Старая облезлая кошка – просто настоящая циркачка. Она умеет выделывать всякие смешные штуки. Ее, конечно, долго дрессировали. Увидев лабиринт, Джесс запрыгнула в него, дошла до кормушки и нажала рычаг. Не дождавшись угощения, недовольно зашипев, кинулась к мячам, растолкала их мордой и лапами по воротам так, что знаки на шариках и корзинках точно совпали.

Снова уселась, неприятно мяукнула и вопросительно посмотрела на нас.

Котенок с разорванным ухом, названный моей новой подругой Марси, ничего подобного не умеет.

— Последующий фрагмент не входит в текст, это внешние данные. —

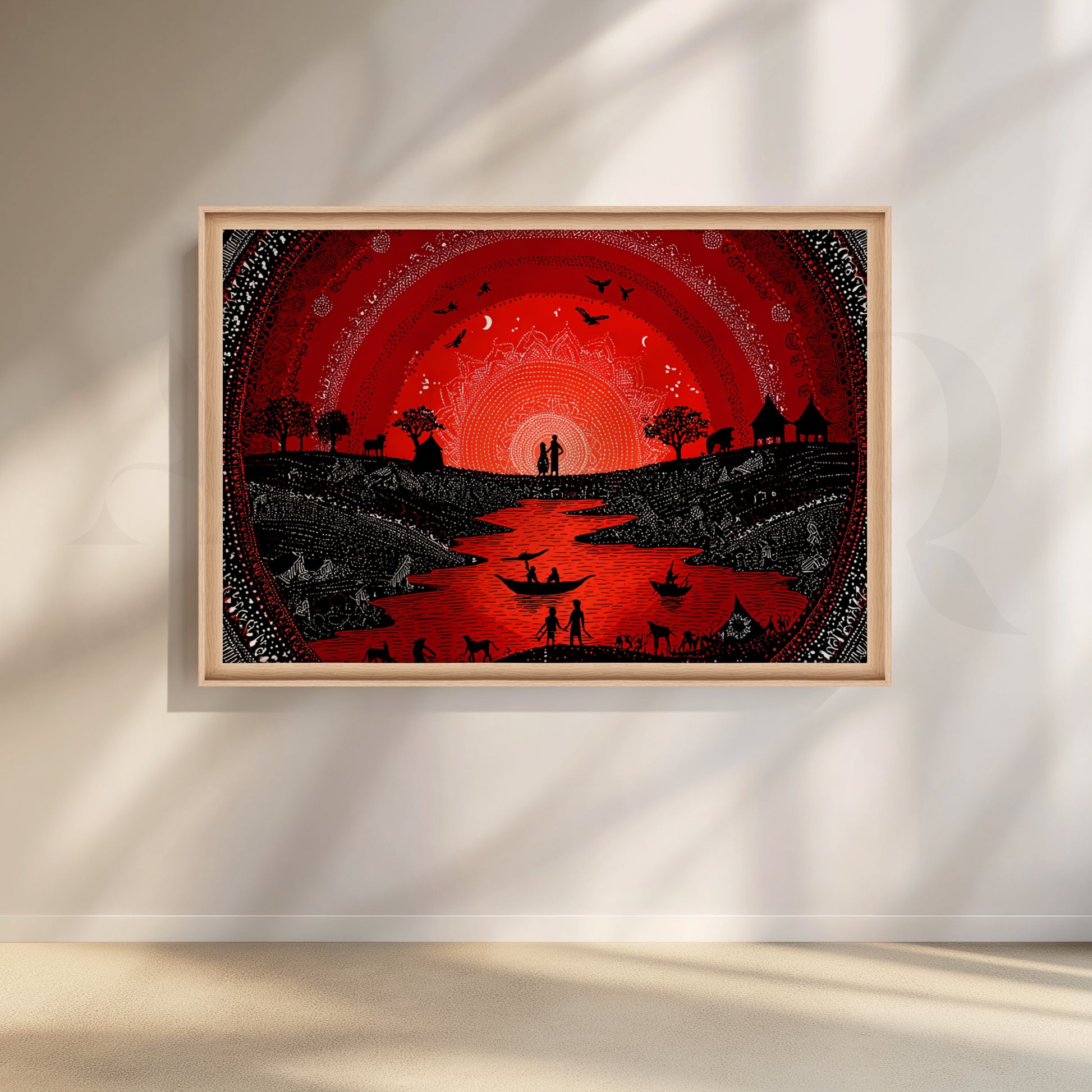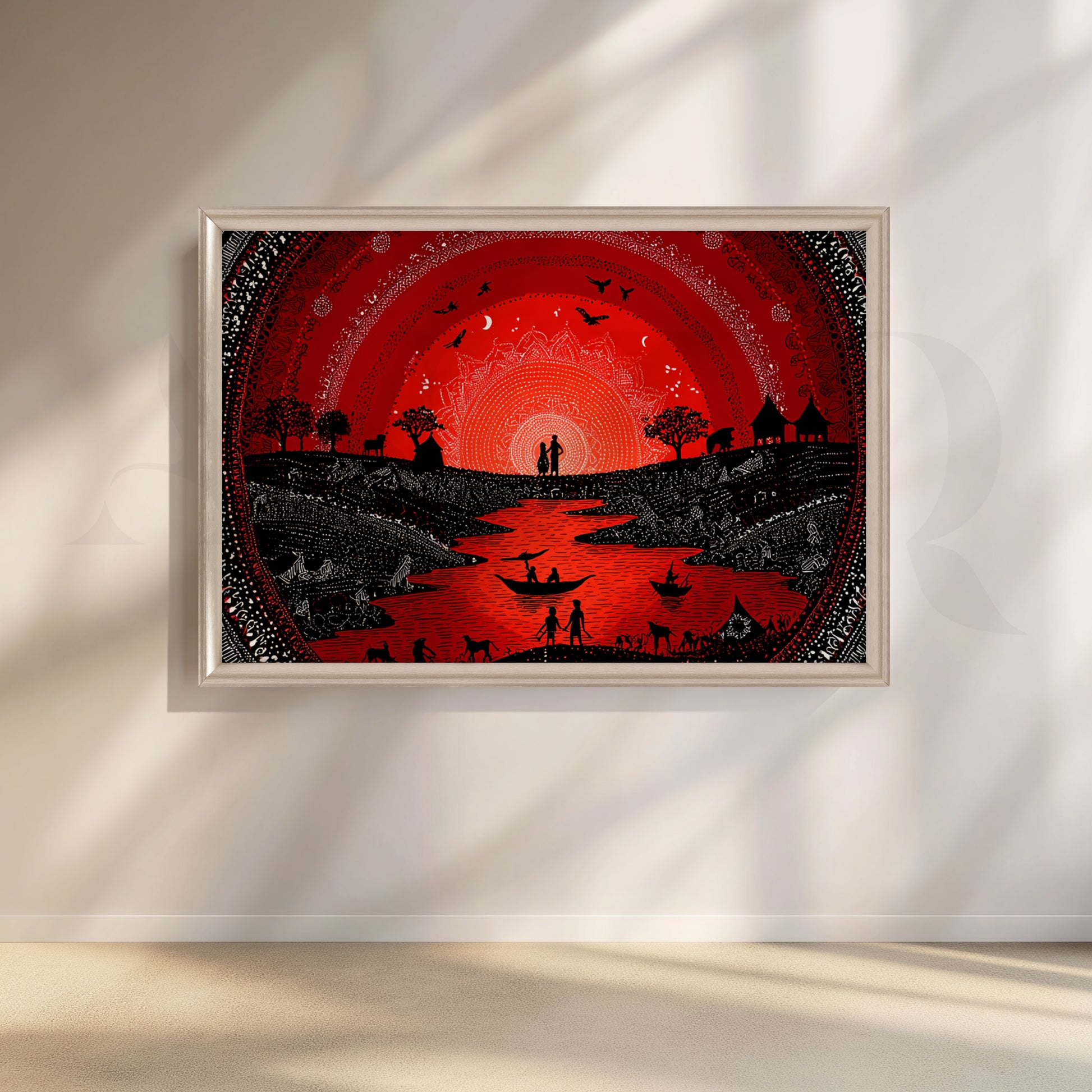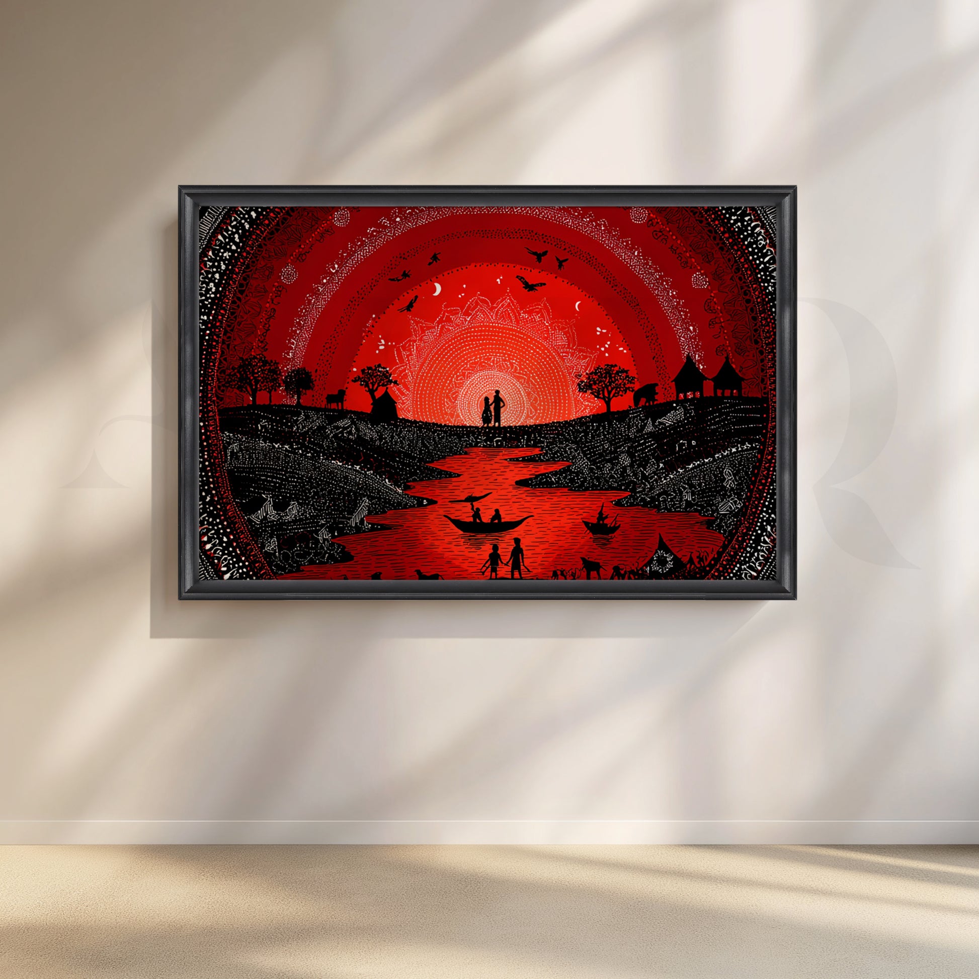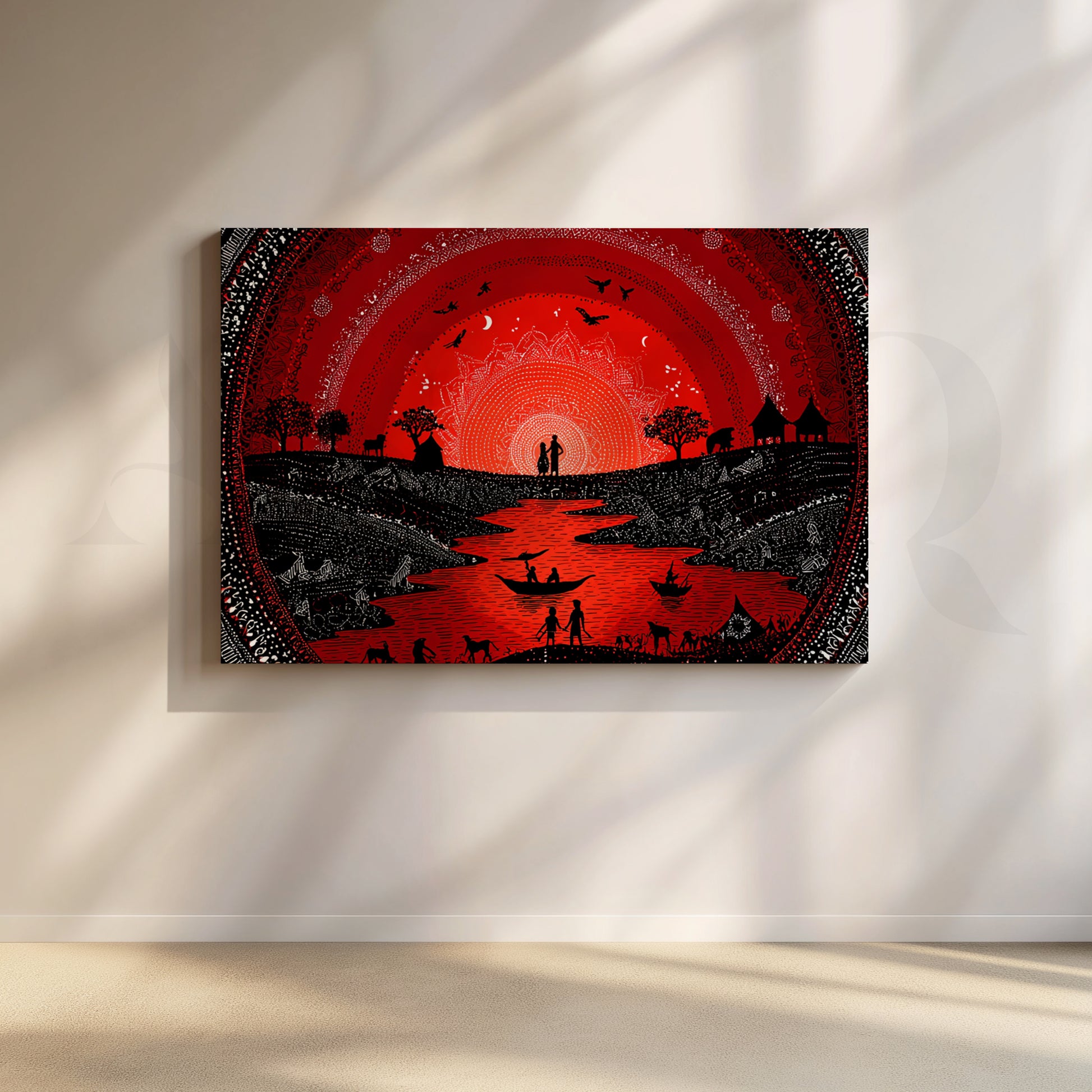 A dramatic red sun radiates over a winding river as boats, villagers, and animals celebrate in classic Warli motifs. Dense dot-work, circular mandalas, and black silhouettes create a festive focal point that warms dining rooms, lounges, and entertainment spaces. Works with boho, rustic, and contemporary interiors. Keywords: red wall art, Warli festival painting, Indian tribal canvas, dining room artwork, mandala river scene, bohemian décor.

Зато он очень ласковый, – залезает нам на плечи, мурлычет и щекочет усиками.

…Пришли врачи из лаборатории, буркнули, что, мол, животные попали к нам сюда по ошибке, эксперимент еще не закончен. Затолкали котенка и кошку в клетку, и уволокли с собой.

Вернули через два дня, так же неожиданно.

Кажется, с нашими питомцами произошли перемены. Старая кошка перестала, как прежде, лазить по лабиринту в поисках еды, потеряла всякий интерес к мячам и игрушечным воротам. Зато стала доверчивей, и совсем перестала шипеть. Пыталась взбираться на нас, чтобы поиграть, но лапы не держали, и она сваливалась.

Марси, наоборот, полюбил лабиринт, без ошибок находил правильный путь, заталкивал мячи в ворота, словно заправский футболист.

Мы играли с мячами, кошками, кубиками «Лого», ели яблоки, пили молоко. Все отлично! Но вдруг Мари заплакала.

– В чем дело? Это потому, что рассыпался наш домик?

– Дин! Уже завтра приезжает моя мама. Она увезет меня с собой, очень далеко. Врачи сказали, мы расстанемся, тут ничего не поделаешь. Но, я хотела бы дружить с тобой всегда. Давай сбежим отсюда?

Я ответил в том смысле, что дежурные доктора все преувеличивают, мы еще встретимся. Верь мне! Все, как говорит Макс, будет хо-ро-шо.

Мари немного повеселела, обещала отдать подарки, которые обязательно привезет мама Райсс, и снова принялась играть.

…Этой ночью не спалось. Хотя детей здесь почему-то считают не слишком умными, я кое-чему научился. Открывать двери. Легко! Я и Мари показал, как это делается. Надо лишь нажать на истершиеся кнопки электронного замка. Тогда огонек станет зеленым, в дверях щелкнет – и можно бродить по корпусу.

Я крался по коридорам, тихонько, словно котик. Будто знал, где снова смогу увидеть свою подругу.

Мари шла к турникету на выход. Увидела меня, остановилась и что-то быстро сказала сопровождающим ее врачам.

Появились дежурные санитары.

– Мари!? – выкрикнул я, больше ничего не смог придумать.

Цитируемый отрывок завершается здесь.